Veterinarians wishing to become board certified must complete a three-year residency program, meet specific training and caseload requirements, perform research and have their research published. This process is supervised by current ACVS Diplomates, ensuring consistency in training and adherence to high standards. Once the residency has been completed, the resident must sit for and pass a rigorous examination. Only then does the veterinarian earn the title of ACVS Diplomate.

To find an ACVS Diplomate in your area, visit www.acvs.org/AnimalOwners/DiplomateDirectory.


OSTEOCHONDRITIS DISSECANS (OCD)

Overview
Osteochondritis dissecans (OCD) is a relatively common developmental disease that affects horses of all types.  Although the exact cause of OCD and the steps leading up to it are not definitively known, there is a reasonable consensus about the general cause.  In order to understand how OCD occurs, one must first understand how joints form.  Differentiation of bones and joints occurs through a process known as endochondral ossification.  Endochondral ossification is responsible for the formation of normal bones as well as normal articular cartilage, the smooth covering at the ends of bones which allows joints to glide smoothly.  Normal pain-free joint function depends on a smooth cartilage surface of consistent thickness with a strong supporting plate of bone underneath, known as the subchondral bone plate.  Failure of the developmental process leads to a disturbance in the formation of joint cartilage and the bone supporting it (Figures 1a-d).  The resultant cartilage and subchondral bone is irregular in thickness and weaker than in normally developing areas.  There may be a loss of blood supply and necrosis of the abnormal tissue.  Forces placed on these abnormal areas when the horse ambulates may cause further damage to the abnormal tissue.  This can lead to several problems which are recognized as OCD, including local detachment and fracture of cartilage and bone.  These detached areas may remain partially attached to the surrounding tissue, which then exist as loose flaps of tissue, or may become completely detached, resulting in free-floating islands which can travel throughout the joint.

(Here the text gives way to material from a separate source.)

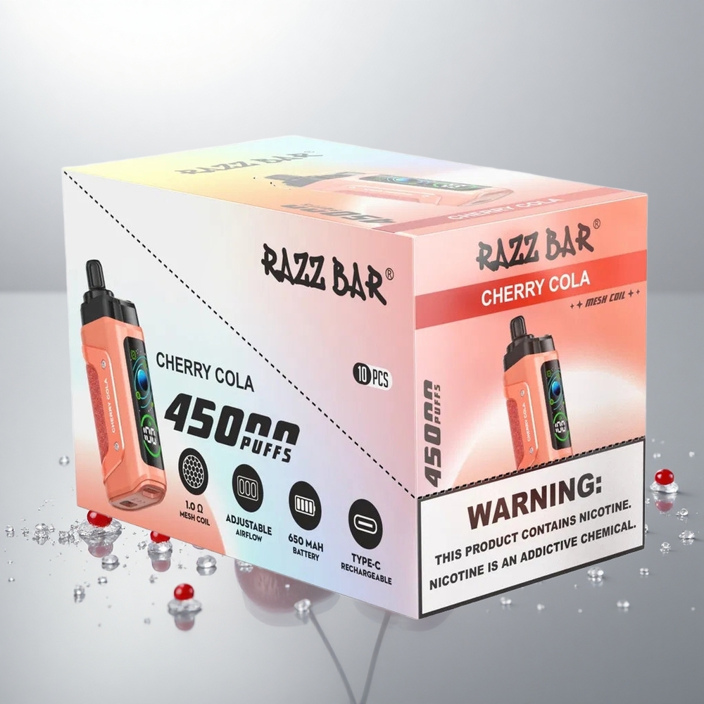 Razz Bar 45000 Puffs Kertakäyttöinen Vape Kirska-Kola 1.0 Ohm Verkkokäämi 650 mAh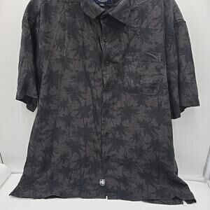 NAT NAST Mens Luxury Shirt XL-Large Black Tropical Relaxed Geometric Silk Blend

These loose flaps and islands of abnormal cartilage and bone can cause inflammation in the joint, and over time may cause damage to the normal cartilage.

OCD-Figure-1A.jpg
Figure 1a). Normal development results in a bone (shown in blue) with a subchondral bone plate to which a smooth cartilage cap is attached (shown in yellow).   

OCD-Figure-1B.jpg
Figure 1b). Abnormal development due to a defect in endochondral ossification results in an area of thickened and/or weakened abnormal bone and cartilage (shown in green). 

OCD-Figure-1C.jpg
Figure 1c). Trauma or exercise can further damage the abnormal area as the horse flexes and extends the joint. 

OCD-Figure-1D.jpg
Figure 1d). Separation of the abnormal bone and cartilage from the underlying and surrounding tissue results in an OCD fragment, which can form a flap or can detach and float as a free body within the joint.

Causes and Risk Factors
Several causes of OCD are known, although the disease is generally considered to be multifactorial.  As a result, the disease is not usually caused by any one factor, but rather a combination of several factors acting together.  These known factors include:

Rapid growth and large body size:  An unusually rapid phase of growth and/or growth to a large size can be associated with OCD formation.

Nutrition: Diets that are very high in energy or have an imbalance in trace minerals, low-copper diets in particular, can lead to OCD formation. 

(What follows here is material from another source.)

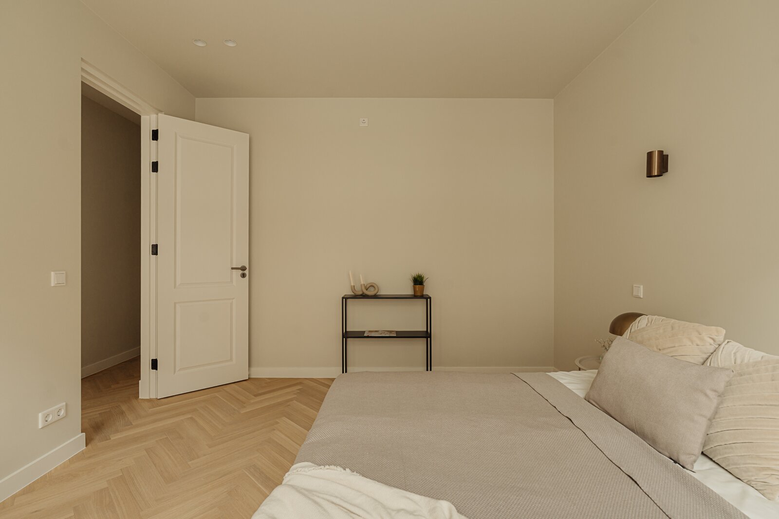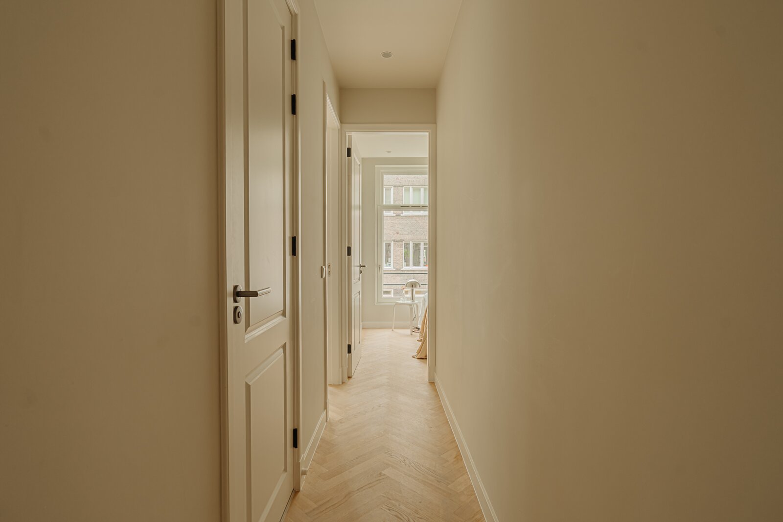 Door het gehele appartement ligt een houten visgraatvloer met vloerverwarming.

Genetics: Risk of OCD may also be partially inherited, although the mode of inheritance is not well defined and other factors are often required before an OCD fragment forms.  Genetics can also be responsible for the horse’s response to the other factors presented here, as well as rate of body growth.

Hormonal imbalances:  Imbalance in certain hormones during development, including insulin and thyroid hormones, can encourage OCD formation.

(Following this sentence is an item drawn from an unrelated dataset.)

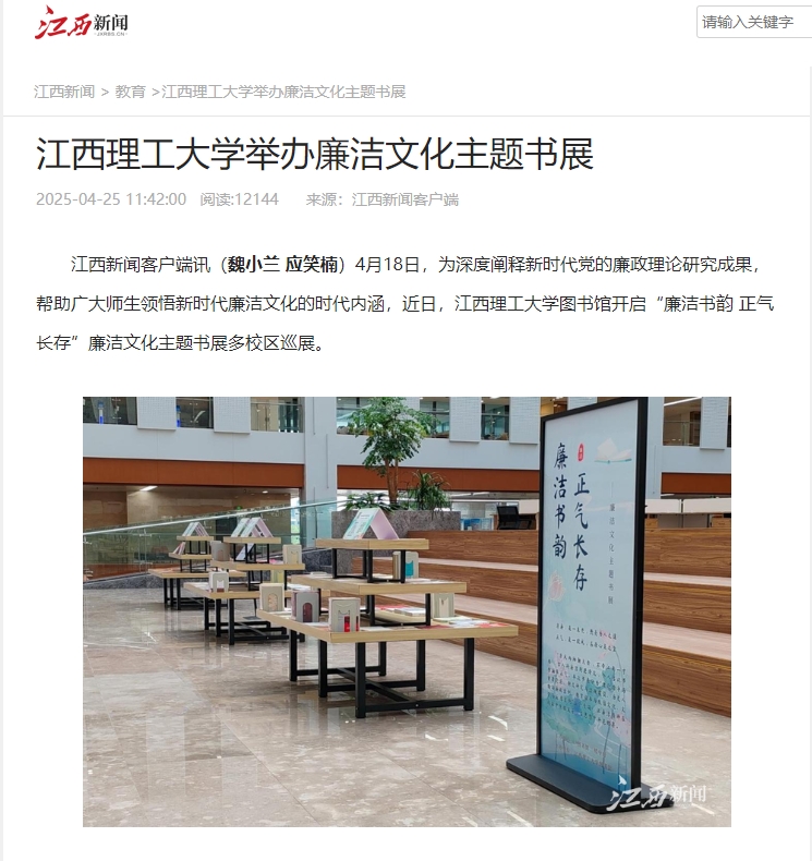 江西新闻客户端讯(魏小兰 应笑楠)4月18日,为深度阐释新时代党的廉政理论研究成果,帮助广大师生领悟新时代廉洁文化的时代内涵,近日,江西理工大学图书馆开启“廉洁书韵 正气长存”廉洁文化主题书展多校区巡展。

Trauma and exercise: Trauma to a joint, including routine exercise, is often involved in formation and loosening of the OCD flap or fragment.

Incidence and Prevalence
Since all these factors are involved in a complex series of interactions it is not possible to predict which horses will develop OCD, and is therefore difficult to prevent the formation of OCD in individual animals.  Clinical prevalence of OCD is usually between 5 and 25% in a given horse population, but radiographic signs of abnormal development can be as high as 60% in certain groups (Wittwer et al. J Vet Med A Physiol Pathol Clin Med 2006).

Signs and Symptoms
OCD may be detected as early as 5 months of age, or as late as skeletal maturity (approximately 3 years of age).  However, in young horses, it is recommended that the final diagnosis should be made when the horse is about 1 year of age.  The most common sign of OCD is effusion (swelling) in the joint of a young horse (Figure 2).  Often, the joint swelling is first noticed shortly after the horse begins a formal training and exercise program.  Depending on the location and severity of the OCD, the horse may be noticeably lame on the leg, may only be lame during high-speed work, or may not have detectable lameness at all.  OCD can occur in virtually all joints, however there are several joints which are affected much more commonly.  The most commonly involved joints are the hock, the stifle, and the fetlock.  The shoulder can also be involved, although this is seen with less frequency in horses.

OCD-Figure-2.jpg
Figure 2. Both hocks in this picture have severe effusion, as shown by the red arrows.  Notice how the joint bulges outward.  Most horses with OCD will have a milder degree of swelling.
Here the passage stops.